◆ **Description of the task**
Ignore the pictures in the data below and set down exactly the lines from its first line through the line containing "Postal de arte".

◆ **Dataset excerpt**
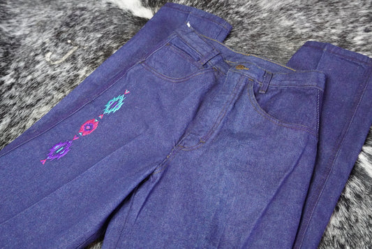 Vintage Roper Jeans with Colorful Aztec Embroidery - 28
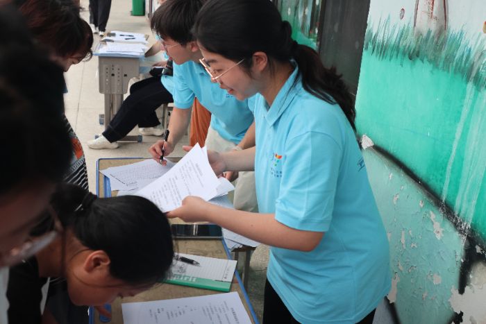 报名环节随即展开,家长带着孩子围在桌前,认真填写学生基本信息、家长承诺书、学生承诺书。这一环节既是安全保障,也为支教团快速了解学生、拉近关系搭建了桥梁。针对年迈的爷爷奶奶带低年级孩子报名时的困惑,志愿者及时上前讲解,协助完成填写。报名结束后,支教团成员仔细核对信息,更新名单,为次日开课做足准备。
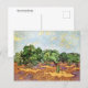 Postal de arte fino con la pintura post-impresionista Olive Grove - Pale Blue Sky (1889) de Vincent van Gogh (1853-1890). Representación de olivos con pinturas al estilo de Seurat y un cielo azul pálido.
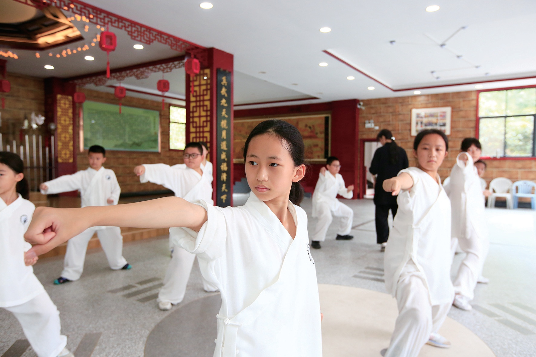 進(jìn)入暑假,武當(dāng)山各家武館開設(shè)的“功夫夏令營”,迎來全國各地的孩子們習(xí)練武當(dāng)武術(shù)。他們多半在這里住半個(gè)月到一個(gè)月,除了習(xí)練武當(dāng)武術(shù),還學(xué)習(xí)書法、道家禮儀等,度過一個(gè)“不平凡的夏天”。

◆ **Response**
 Vintage Roper Jeans with Colorful Aztec Embroidery - 28
 报名环节随即展开,家长带着孩子围在桌前,认真填写学生基本信息、家长承诺书、学生承诺书。这一环节既是安全保障,也为支教团快速了解学生、拉近关系搭建了桥梁。针对年迈的爷爷奶奶带低年级孩子报名时的困惑,志愿者及时上前讲解,协助完成填写。报名结束后,支教团成员仔细核对信息,更新名单,为次日开课做足准备。
 Postal de arte fino con la pintura post-impresionista Olive Grove - Pale Blue Sky (1889) de Vincent van Gogh (1853-1890). Representación de olivos con pinturas al estilo de Seurat y un cielo azul pálido.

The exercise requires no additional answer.